Zucchini Frittata - Simple baked egg dish with cheese and vegetables, mix and match fresh seasonal vegetables for best results.

Zucchini Fritatta

Zucchini Frittata is a simple baked egg dish with cheese and vegetables. Mix and match fresh seasonal vegetables for delicious results all year.


  • 1 clove garlic
  • 1 small yellow onion
  • 1 medium-large zucchini
  • 2 large leaves of Swiss chard or a handful of spinach
  • 2 tablespoons vegetable oil
  • 8 large eggs
  • salt and pepper to taste
  • 1 cup Parmesan cheese grated


  1. Preheat oven to 350 degrees. Grease an 8 or 9 inch square baking pan, pie tin, or 9 x 13 pan (will be very thin in this one).
  2. Process garlic in food processor until chopped. Cut onion and zucchini in chunks. Cut Swiss chard stems in 2 in lengths; cut leaves in 1 inch wide strips.
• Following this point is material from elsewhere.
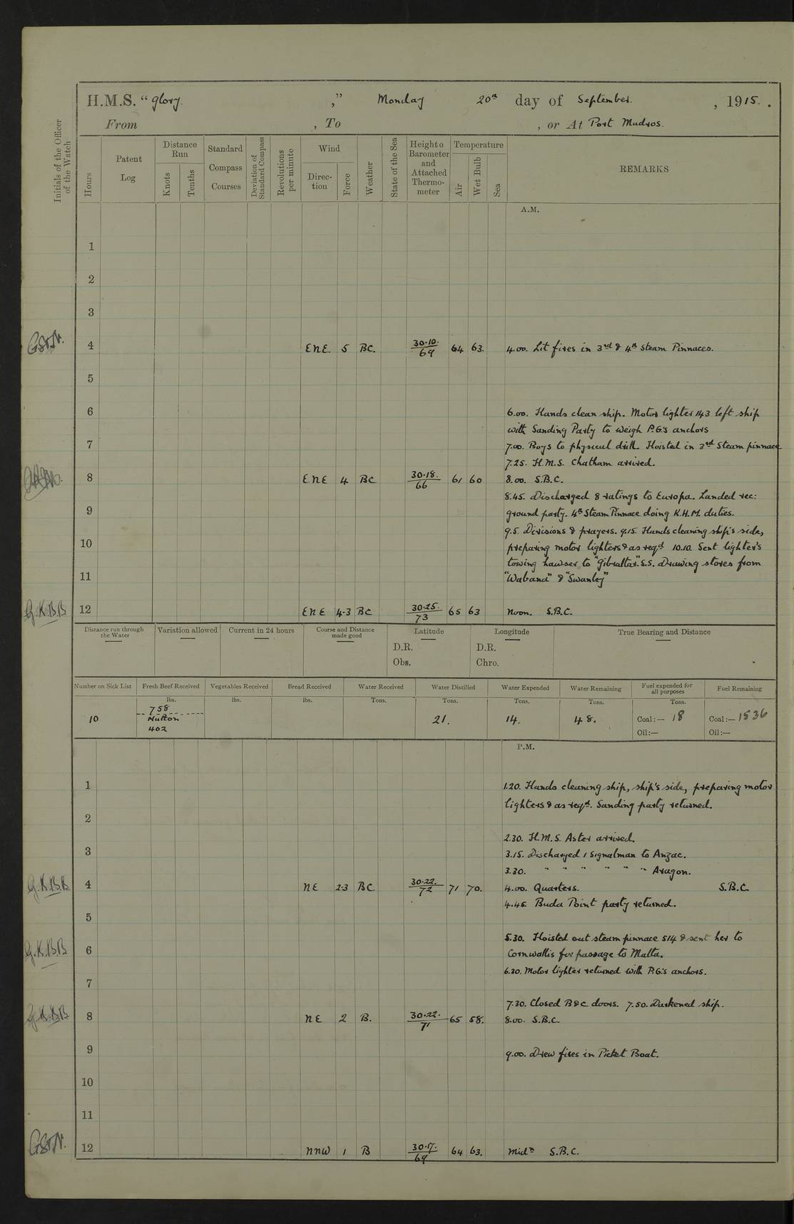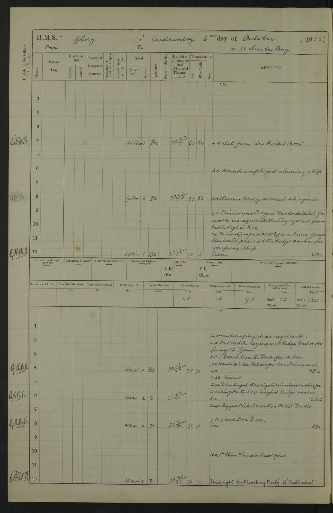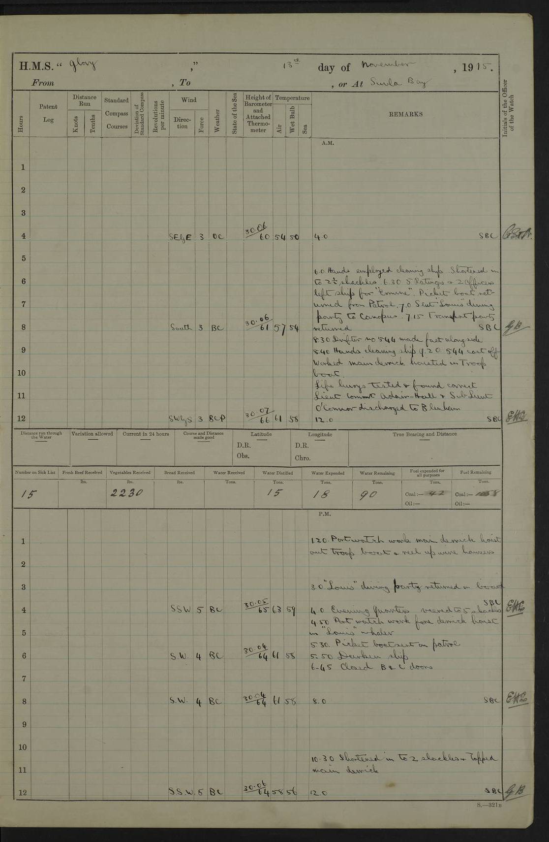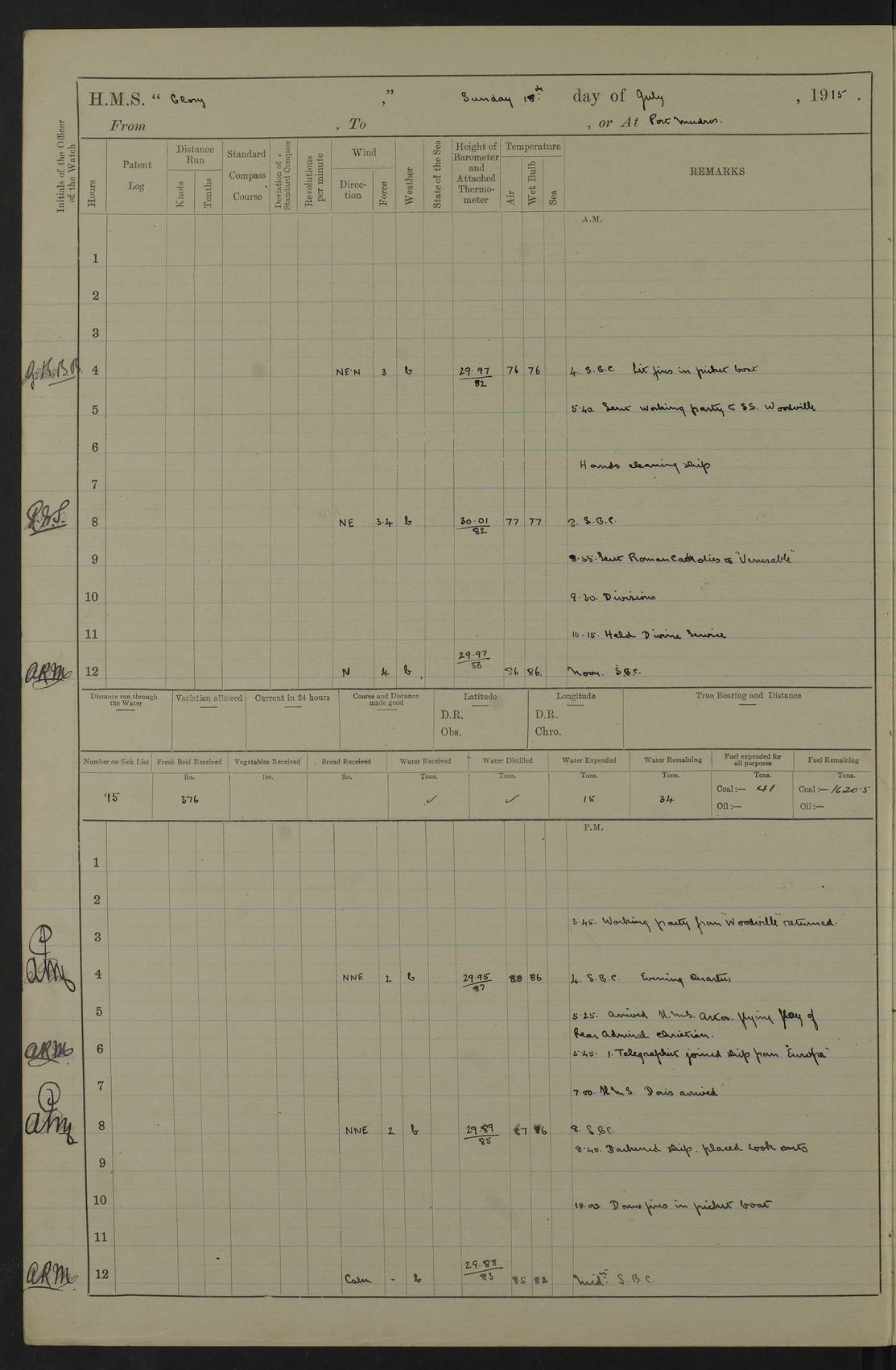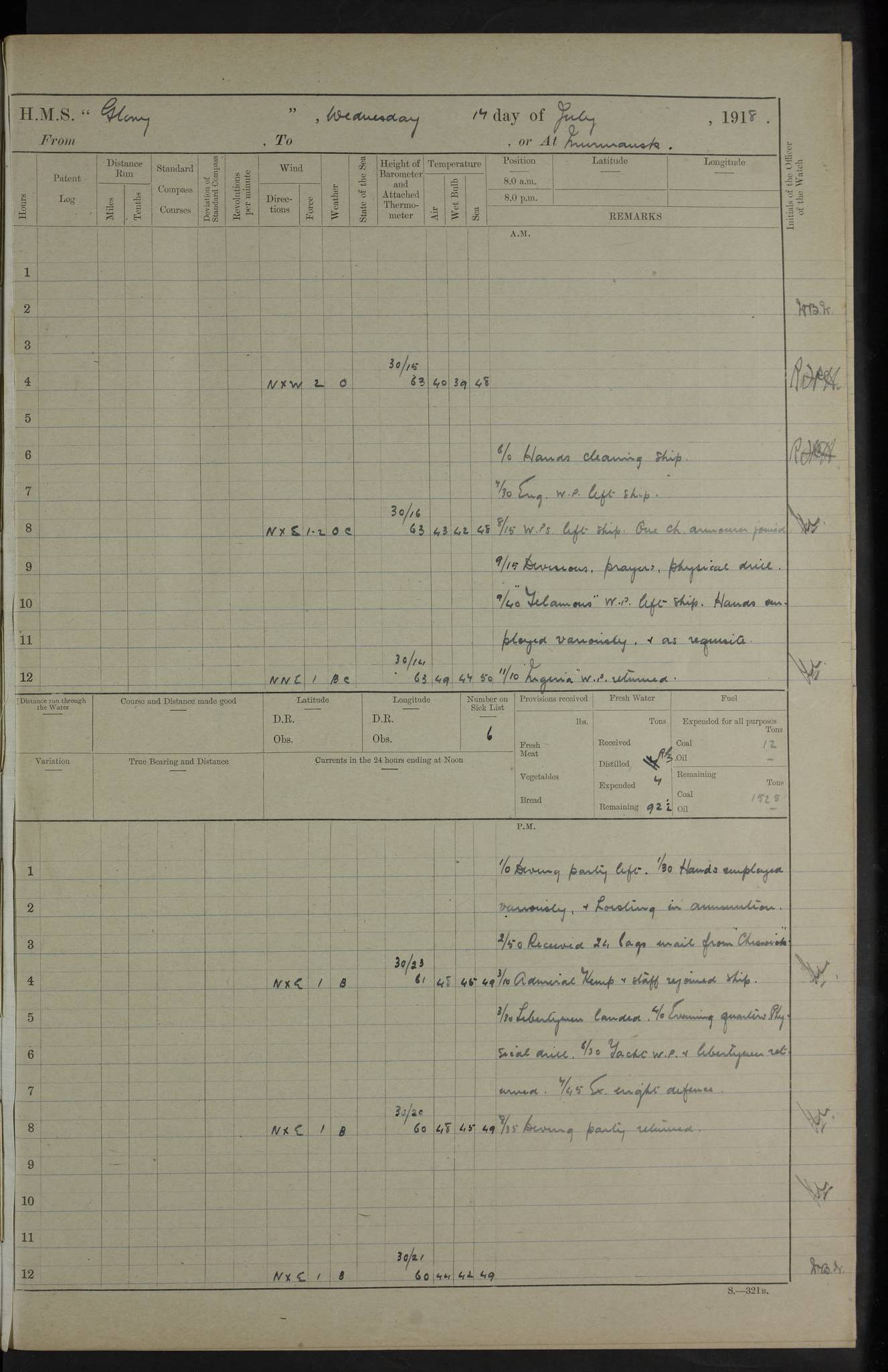 22 June 1915 At sea, Gibraltar to Lemnos Lat 36.1, Long -1.3 4.15am: Sighted land on starboard bow. 10.20am: Stopped port engine for repairs. 11.20am: proceeded with port engine. pm: a/c due to change in deviation. 10.00pm: Cape Tenez Light abeam, 18 miles. 4f73cd61a2fc8ea9030015f6: (https://s3.amazonaws.com:443/oldweather/ADM53-43015/0012_1.jpg) 23 June 1915 At sea, Gibraltar to Lemnos Lat 37.5, Long 4.8 Number on sick list: 4 5.00am: Secured from night defence stations. Placed anti-submarine guns. pm: Life saving appliances served out to men stationed in ? ?at abandon ship. 4f73cd61a2fc8ea9030015f7: (https://s3.amazonaws.com:443/oldweather/ADM53-43015/0013_0.jpg) 24 June 1915 At sea, Gibraltar to Lemnos Lat 37.4, Long 10.8 Position in log clearly bears no resemblance to the location of the ship. Position above is approximate and is based sighting of Zembra Island at 11.55am. 5.00am: Dispersed from night defence stations. Manned anti-submarine guns. am: Sighted two French torpedo boats. am: Torpedo boats passed to ~ No 362, 363. am: Sighted land on starboard beam. 11.55am: Zembra Island abeam, 25 miles. 2.00pm: Sighted Pantellaria S34ºE. 4.45pm: Pantellaria Light House abeam 12 miles. 4f73cd61a2fc8ea9030015f8: (https://s3.amazonaws.com:443/oldweather/ADM53-43015/0013_1.jpg) 25 June 1915 At sea, Gibraltar to Lemnos Lat 35.5, Long 16.7 2.10am: Gozo Light abeam 17 miles. 5.00am: Dispersed from night defence stations. Manned anti-submarine guns. 4f73cd61a2fc8ea9030015f9: (https://s3.amazonaws.com:443/oldweather/ADM53-43015/0014_0.jpg) 26 June 1915 At sea, Gibraltar to Lemnos Lat 35.5, Long 22.6 Number on sick list: 5 5.00am: Dispersed from night defence stations. Manned anti-submarine guns. am: Aired night clothing. am: marines at maxim practice on quarter deck. 2.00pm: Observed land on either bow. 3.00pm: Sighted French patrol destroyer. 4.15pm: Sighted French patrol destroyer. 9.40pm: Milo Peak N63ºW. 10.26pm: Polino Light abeam to port 5.5 miles. 4f73cd62a2fc8ea9030015fa: (https://s3.amazonaws.com:443/oldweather/ADM53-43015/0014_1.jpg) 27 June 1915 At sea and at Lemnos Lat 39.1, Long 24.4 From 0.50 to 3.05am sighting of multiple light houses. 3.50am: a/c to N39ºW and commenced to zig-zag. 5.00am: Dispersed from night defence stations and placed anti-submarine guns and look-outs. am: Lost overboard by accident Hazlewood fender, pat. 311, one in number. 10.30am: Held Divine Service onboard. pm: Met and signalled HMS Minerva on patrol duty. pm: Courses and speeds as requisite while waiting orders to approach Mudros. 3.00pm: Proceeded. 5.16pm: Increased to 90 revs, commenced to zig-zag. Course as requisite for Mudros. 7.00pm: Entered Mudros Bay. 7.47pm: Stopped. Let go port anchor in ‘M3’. 8.30pm: Darkened ship. pm: Manned one 6” and one 12 pdr. 4f73cd62a2fc8ea9030015fb: (https://s3.amazonaws.com:443/oldweather/ADM53-43015/0015_0.jpg) 28 June 1915 Mudros Bay, Lemnos Lat 39.89, Long 25.24 5,00am: HMS Vengeance entered harbour. HMS Vengeance was a pre-dreadnought of the Canopus class, launched in 1899 at Vickers, Barrow, and sold for scrapping in 1921. Details at http://en.wikipedia.org/wiki/HMS_Vengeance_(1899) . am/pm/: hands preparing for coaling and about ship’s work. pm: Collier Wabana secured alongside. 4f73cd62a2fc8ea9030015fc: (https://s3.amazonaws.com:443/oldweather/ADM53-43015/0015_1.jpg) 29 June 1915 Mudros Bay, Lemnos Lat 39.89, Long 25.24 5.15am: Commenced coaling. 2.00pm: Finished coaling. Collier left. 4f73cd62a2fc8ea9030015fd: (https://s3.amazonaws.com:443/oldweather/ADM53-43015/0016_0.jpg) 30 June 1915 Mudros Bay, Lemnos Lat 39.89, Long 25.24 am: Parties away sanding, and with fire engines onshore. am: Boats away disembarking troops. am: French Flagship Patrie sailed. The Patrie was a French pre-dreadnought, launched at La Seyne shipyard in 1903, and stricken in 1921. Details at http://en.wikipedia.org/wiki/French_battleship_Patrie . 6.30pm: Hands to bathe. 4f73cd63a2fc8ea9030015fe: (https://s3.amazonaws.com:443/oldweather/ADM53-43015/0016_1.jpg) 4f73cd63a2fc8ea9030015ff: (https://s3.amazonaws.com:443/oldweather/ADM53-43015/0017_0.jpg) 4f73cd63a2fc8ea903001600: (https://s3.amazonaws.com:443/oldweather/ADM53-43015/0017_1.jpg) 4f73cd63a2fc8ea903001601: (https://s3.amazonaws.com:443/oldweather/ADM53-43015/0018_0.jpg) 4f73cd64a2fc8ea903001602: (https://s3.amazonaws.com:443/oldweather/ADM53-43015/0018_1.jpg) LOGS FOR JULY 1915 From July to October 1915, HMS Glory spent her time at Port Mudros. Certain activities typically took place daily and are not generally noted in the pages below. These activities include: Lighting fires in the picket boat around 4am and drawing the fires in the late evening; Divisions at around 9–9.30am and Evening Quarters at 4pm; Darken ship at around 8.30pm; Daily ‘cleaning ship’, with variations thereof; SBC (for ‘Signal Books Correct’) at the watch changes. 4f73cd64a2fc8ea903001603: (https://s3.amazonaws.com:443/oldweather/ADM53-43016/0000_0.jpg) 4f73cd64a2fc8ea903001604: (https://s3.amazonaws.com:443/oldweather/ADM53-43016/0000_1.jpg) 4f73cd65a2fc8ea903001605: (https://s3.amazonaws.com:443/oldweather/ADM53-43016/0001_0.jpg) 4f73cd65a2fc8ea903001606: (https://s3.amazonaws.com:443/oldweather/ADM53-43016/0001_1.jpg) 1 July 1915 Port Mudros Lat 39.89, Long 25.24 6.30am: Landed working parties preparing boom defence ships. am: Discharged Acting Commander Rayne to Hector. Hector was a kite balloon ship. No further details readily available. 5.00pm: Tug T.10 made fast astern. 7.15pm: HMS Venerable went out. 7.30pm: HMS Chatham went out. HMS Chatham was a ‘Town’ cruiser and lead ship of her class. She was launched in 1911 at Chatham Dockyard and sold in 1926. Details at http://en.wikipedia.org/wiki/HMS_Chatham_(1911) . 4f73cd65a2fc8ea903001607: (https://s3.amazonaws.com:443/oldweather/ADM53-43016/0002_0.jpg) 2 July 1915 Port Mudros Lat 39.89, Long 25.24 5.35am: Landed working parties preparing boom defence ships. am/pm: Boom defence par
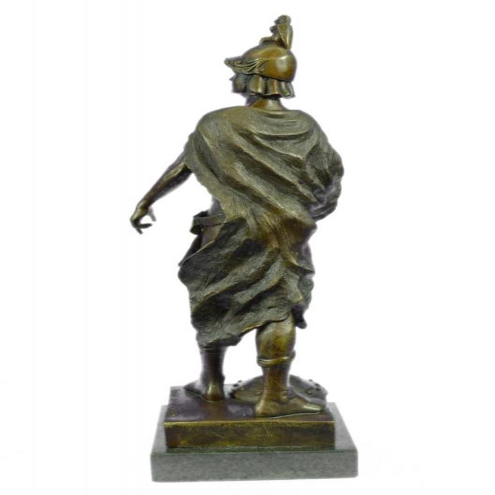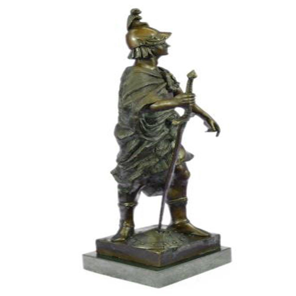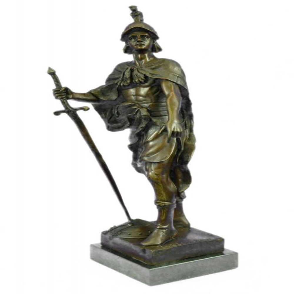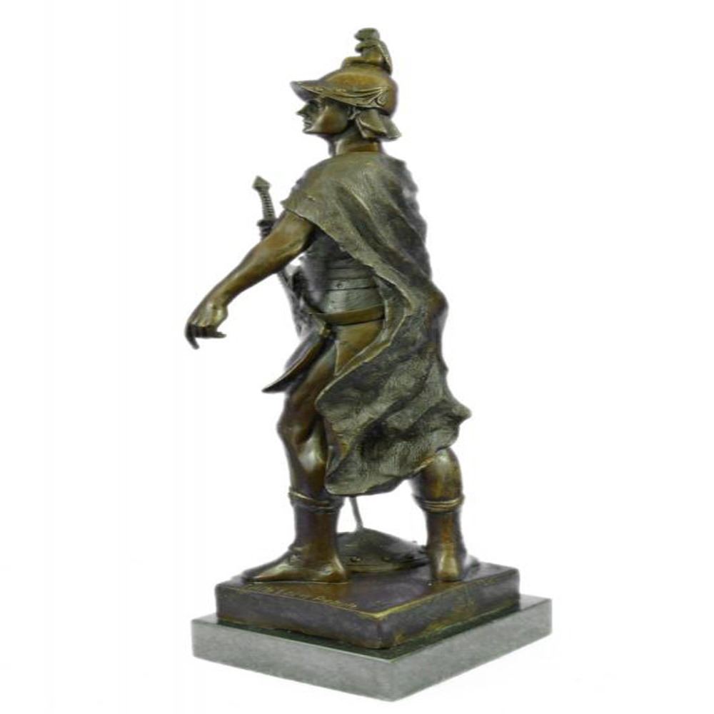 A Bronze Figure of a Warrior Le Devoir, the helmeted figure standing over a fallen shield, This magnificent Sculpture was cast using the archaic method of lost wax casting and stained with a brown patina finish for preservation. The Sculpture is mounted upon a marble base. Bronze Dimensions with Marble Base: Height 18 X Width 7 inches. Weight: 12 LBS.

Add onion, zucchini and chard stems to garlic and process with on-off bursts until coarsely chopped. Set aside. Process leaves with 3 long bursts or until coarsely chopped.
  3. Heat oil in wide frying pan over medium heat, add chopped vegetables. Stir occasionally. Cook for 5 minutes or until vegetables are slightly limp. Remove from heat and cool slightly.
  4. Process eggs, salt and pepper for 3 minutes. Add cheese and vegetables and process with 2 on-off bursts to mix. Pour unto buttered baking dish. Bake 30 minutes or until lightly browned.

Recipe Notes

Mix and match any fresh seasonal vegetables like asparagus in the spring, peppers in late summer and squash and turnips in the fall/winter. Any greens (beet, collard, kale, etc.) can be used instead of the chard or spinach.